Limothrips cerealium commonly occurs in Europe as a pest of cereal crops, inhabiting a range of habitats and breeding in grasses (Lewis 1973; Lewis 1997). As a relatively strong flyer, actively moving up to 24.1 cm/s (Lewis 1973; Fedor et al. 2010, Entomol. Fenn. 21: 221–231), it occasionally migrates over long distances from its breeding sites by prevailing winds. Thrips also are noteworthy for their tendency for mass flights in large population levels reaching up to 17 million specimens/ha (Lewis 1973), mainly in the summer and early autumn during sunny conditions without rain. Flights usually occur during the warmest period of the day with minimal temperatures of 20°C (Lewis 1964, Ann. Appl. Biol. 53: 165–170; Lewis 1973). These biological phenomena obviously resulted in the migration of thrips populations from nearby cereal grain fields into the laboratory facilities reported herein.

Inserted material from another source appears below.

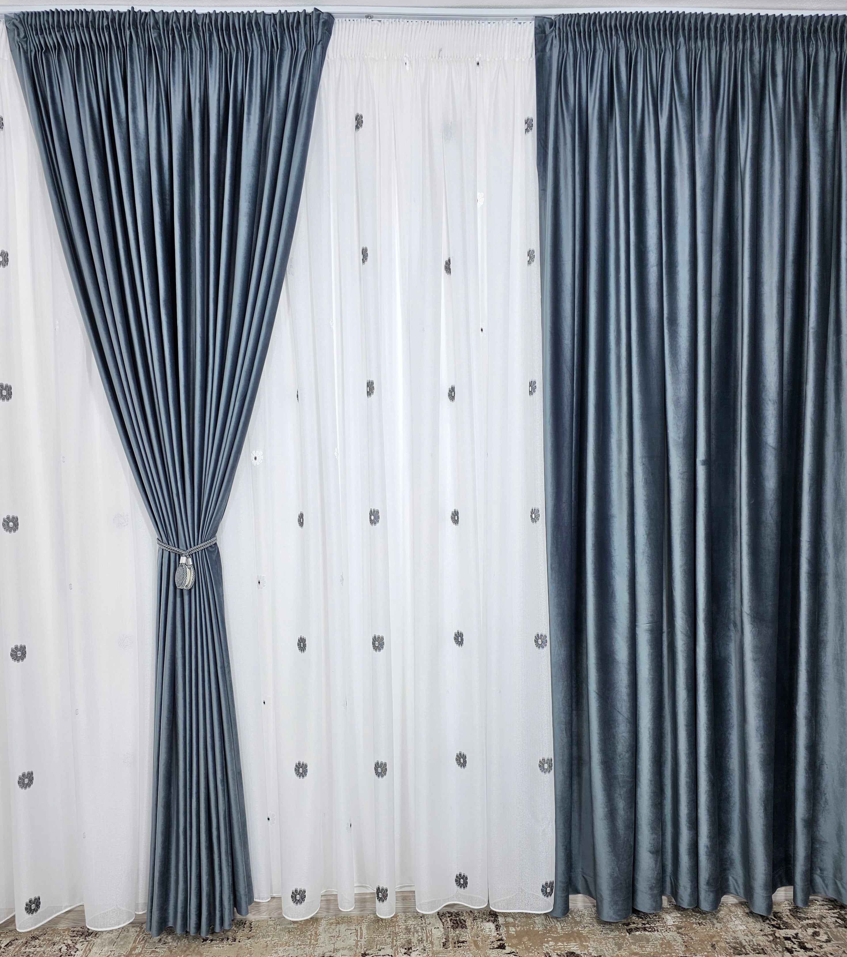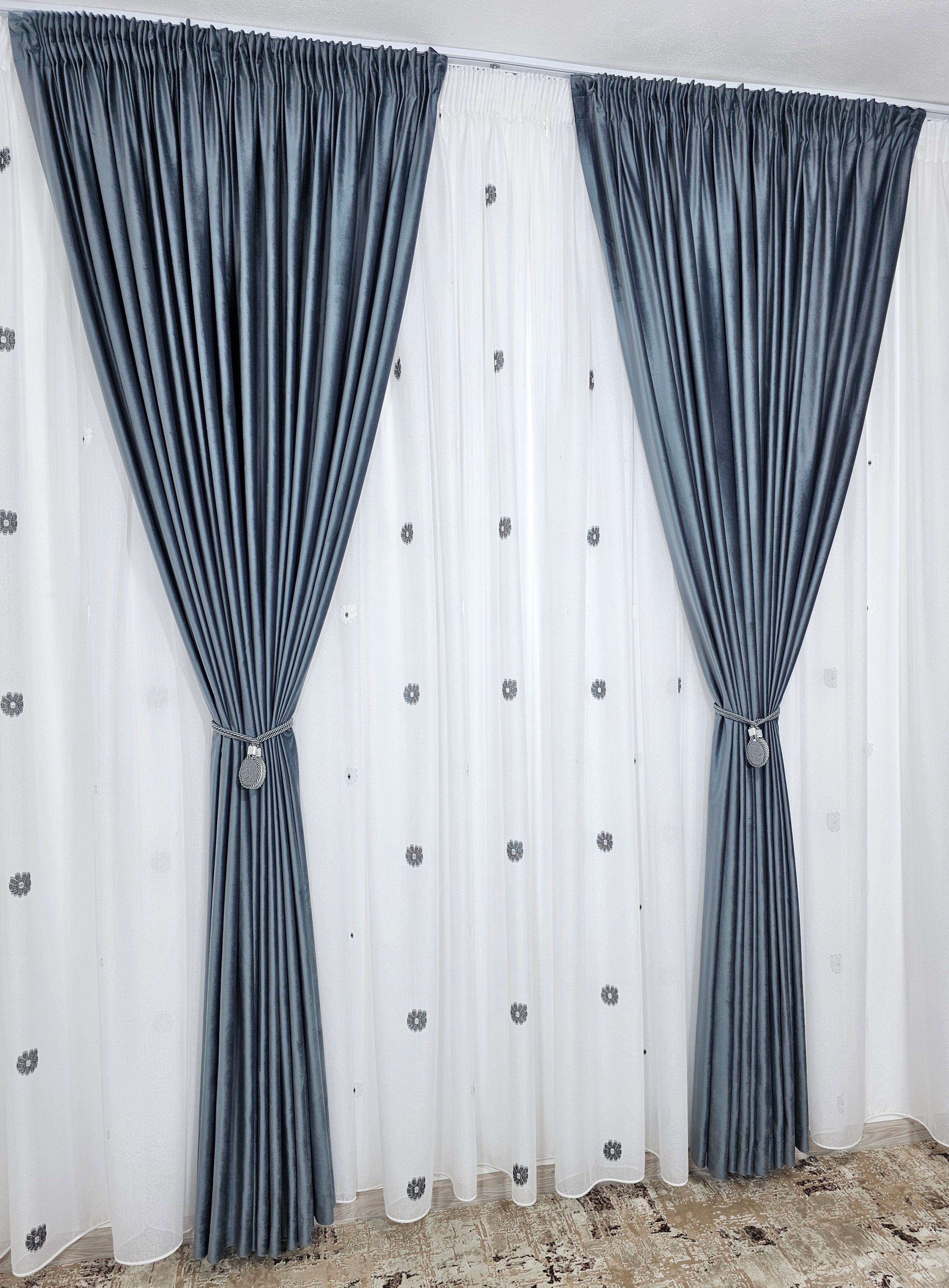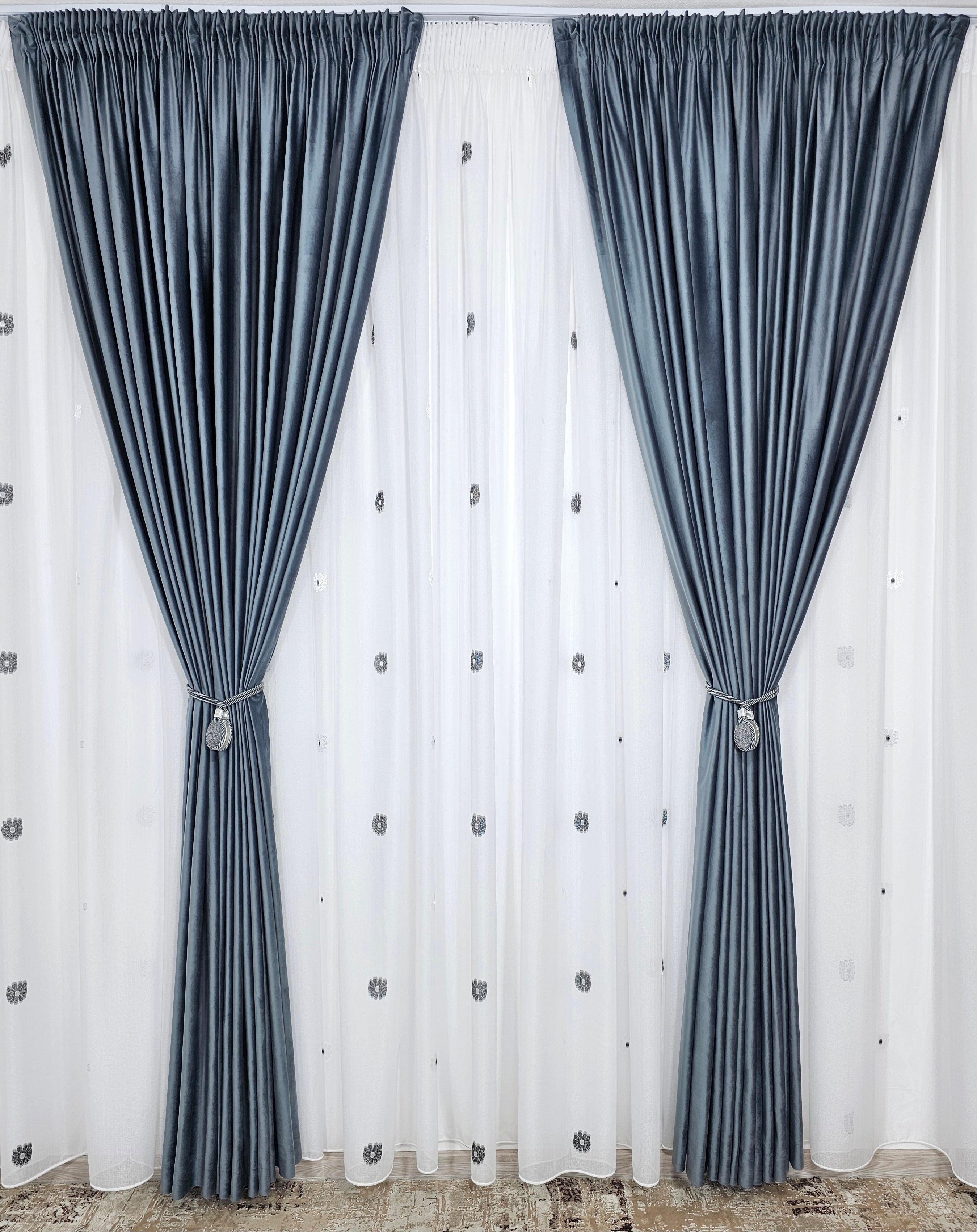 Perdeaua Dora aduce rafinament și delicatețe în decorul casei. Confecționată din material plin ca textură tip in cristal, albă și decorată cu flori alb-gri, oferă un efect elegant și discret, ideal pentru interioare moderne și luminoase.
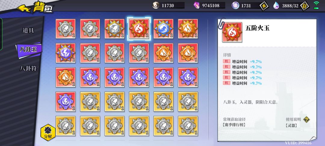 冷却:这里特意说明一下,做一个冷却玉,受益的是全技能。如一个5条6.5%的冷却玉,全技能减冷却32.5%!跟符的作用是不一样的

However, the thigmotactic behavior observed in these facilities should not be associated with hibernation behavior, which primarily involves winged, but sexually immature, females of the first generation that move to potential shelters (Lewis 1973), including bark crevices measuring 150–600 μm in width (de Mallmann 1964). Thrips observed in the laboratory and testing facilities were largely mature females from the overwintering generation that leaves cereal fields at the end of June. Their observed thigmotactic behavior can only be postulated at this time. Several explanations are possible; it might be that these adult females leave the crops to estivate to avoid potential desiccation (Lewis 1973), thrips movement might be triggered by thunderstorms and their associated electrical fields so that the thrips find suitable shelter and avoid potential rainfalls (Kirk 2004, Acta Phytopathol. Entomol. Hung. 39(1–3): 131–136), or the thrips may have been leaving the crops as they desiccated (Lewis 1964) with the dry and hot summer conditions of 2015 and 2016.
Acknowledgments
This paper was supported by VEGA 1/0104/16. We are grateful to Šárka Vaculíková and Jaromír Vaňhara for the study material.